VAJAX is built on three core principles:
- Functional Device Models: Devices are pure JAX functions compiled from Verilog-A
- Automatic Differentiation: Jacobians computed via JAX autodiff, no explicit derivatives
- Vectorization: Same-type devices evaluated in parallel via
jax.vmap
┌─────────────────────────────────────────────────────────────────────┐
│ User Code │
│ from vajax import CircuitEngine │
│ engine = CircuitEngine("circuit.sim") │
│ engine.parse() │
│ result = engine.run_transient() │
└─────────────────────────────────────────────────────────────────────┘
│
▼
┌─────────────────────────────────────────────────────────────────────┐
│ CircuitEngine (analysis/engine.py) │
│ ┌─────────────┐ ┌──────────────────┐ ┌───────────────────────┐ │
│ │ run_transient│ │ run_ac │ │ run_noise │ │
│ │ (lax.scan) │ │ (AC analysis) │ │ (noise analysis) │ │
│ └─────────────┘ └──────────────────┘ └───────────────────────┘ │
│ ┌─────────────┐ ┌──────────────────┐ ┌───────────────────────┐ │
│ │ run_corners │ │ run_dcinc │ │ run_dcxf/run_acxf │ │
│ │ (PVT sweep) │ │ (transfer funcs) │ │ (transfer functions) │ │
│ └─────────────┘ └──────────────────┘ └───────────────────────┘ │
└─────────────────────────────────────────────────────────────────────┘
│
▼
┌─────────────────────────────────────────────────────────────────────┐
│ Device Layer │
│ ┌───────────────────────────────────────────────────────────────┐ │
│ │ OpenVAF Compiled Verilog-A Models │ │
│ │ resistor.va capacitor.va diode.va psp103.va ... │ │
│ └───────────────────────────────────────────────────────────────┘ │
│ ┌───────────────────────────────────────────────────────────────┐ │
│ │ Built-in Sources (vsource.py) │ │
│ │ DC, Pulse, Sine, PWL voltage/current sources │ │
│ └───────────────────────────────────────────────────────────────┘ │
└─────────────────────────────────────────────────────────────────────┘
│
▼
┌─────────────────────────────────────────────────────────────────────┐
│ JAX Runtime │
│ ┌──────────────┐ ┌─────────────┐ ┌────────────────────┐ │
│ │ JIT │ │ vmap │ │ Autodiff │ │
│ │ Compilation │ │ Batched │ │ (Jacobians via │ │
│ │ (lax.scan) │ │ Device Eval │ │ jacfwd/jvp) │ │
│ └──────────────┘ └─────────────┘ └────────────────────┘ │
└─────────────────────────────────────────────────────────────────────┘
1. Load Circuit File
└── engine = CircuitEngine("circuit.sim")
└── engine.parse()
2. Netlist Processing
├── Parse VACASK .sim file or SPICE netlist
├── Load device models (.osdi files via OpenVAF)
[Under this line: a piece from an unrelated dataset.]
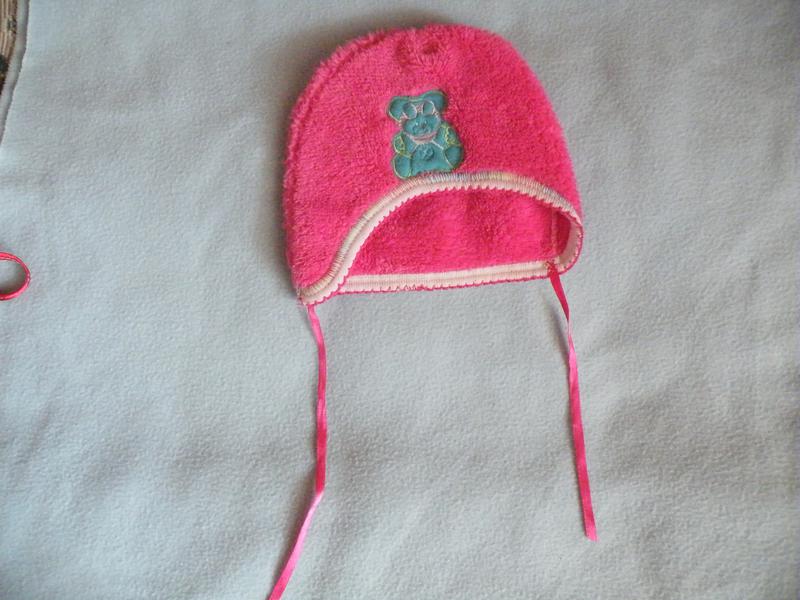 Дуже гарна шапочка на дівчинку, махрова, з зав'язочками.На вік до 1,5 року.

├── Build node map (node name → index)
└── Flatten hierarchical instances
3. Device Compilation
├── Compile Verilog-A models with OpenVAF
├── Generate JAX-compatible device functions
└── Batch devices by type for vmap evaluation
4. System Builder
└── _make_full_mna_build_system_fn()
├── Creates JIT-compiled residual/Jacobian builder
├── Uses full MNA with branch currents as unknowns
├── Batches device evaluations via vmap
└── Handles sparse vs dense matrix assembly
1. Initial Conditions
└── Run DC operating point via Newton-Raphson
2. Time Integration (lax.scan)
│
├── For each time step t = dt, 2*dt, ..., t_stop:
│ │
│ ├── Update source waveforms (pulse, sine, PWL)
│ │
│ ├── Build system (residual f, Jacobian J)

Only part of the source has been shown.